300th British combat death in Afghanistan

A British soldier was killed on Friday in an explosion in Afghanistan - the 300th British troop killed by enemy action, the Ministry of Defence said.

London: A British soldier was killed on Friday
in an explosion in Afghanistan - the 300th British troop
killed by enemy action, the Ministry of Defence said.

The soldier, from 2nd Battalion The Duke of
Lancaster`s Regiment, was killed while on patrol in the Nahr-e
Saraj district of the restive southern Helmand Province.
A total of 340 British troops have now died in
Afghanistan since operations began in October 2001.

The dead soldier was on patrol "providing a reassuring
presence to the local population seeking to go about their
daily lives in peace when he was hit," Task Force Helmand
spokesman Lieutenant Colonel David Eastman said.

"He gave his life protecting the people of the United
Kingdom and Afghanistan -- no more could be asked of any man."

Britain has around 9,500 troops in Afghanistan, making
it the second largest contributor to the NATO-led
International Security Assistance Force.

They are based in Helmand, battling Taliban insurgents
and training local security forces.

This year is the second-worst for British troops in
Afghanistan, with 95 deaths so far. Some 108 troops died in
2009. The death toll has risen every year since 2003.

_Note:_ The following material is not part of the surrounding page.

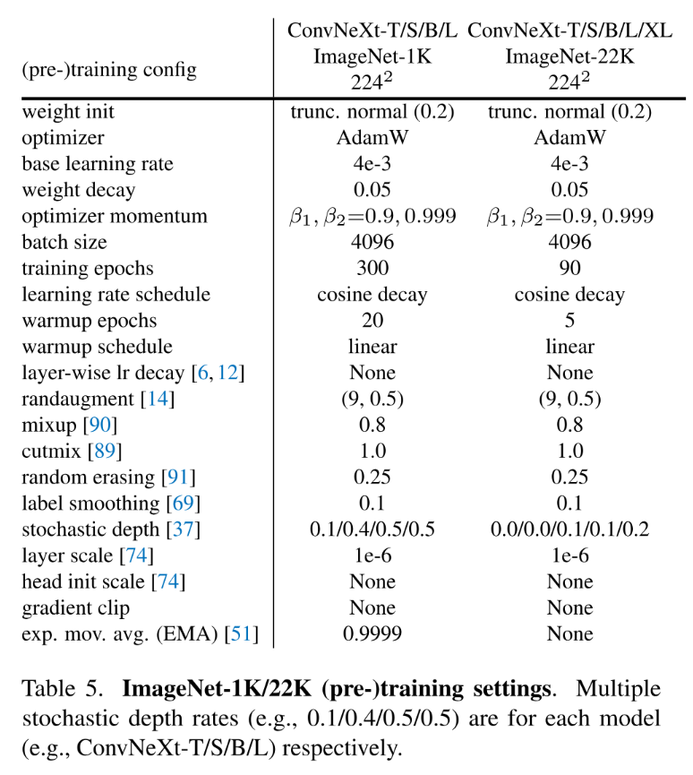研究者在表格5列出了ConvNeXts模型在ImageNet-1K上的训练结果以及ImageNet-22K预训练配置。除了随机深度率外的所有ConvNeXt变体采用了统一配置。

As the operation tried to shift from front-line
fighting towards training local Afghan forces, improvised
explosive devices and other threats meant the death toll did
not slow up.
But the death rate has dipped since British troops
handed over security responsibility in the flashpoint Helmand
town of Sangin to US forces last month.

Some 106 British troops died in the Sangin area. Prime
Minister David Cameron said in July that Britain could start
withdrawing forces from Afghanistan next year, with all troops
being out of a combat role by 2015.

Cameron`s Conservative-Liberal Democrat coalition
government, which took office in May, has made Afghanistan its
top foreign policy priority.

In the campaign, the first British soldier killed by
enemy action was reservist Private Jonathan Kitulagoda, 23, in
an apparent suicide bombing in Kabul on January 28, 2002.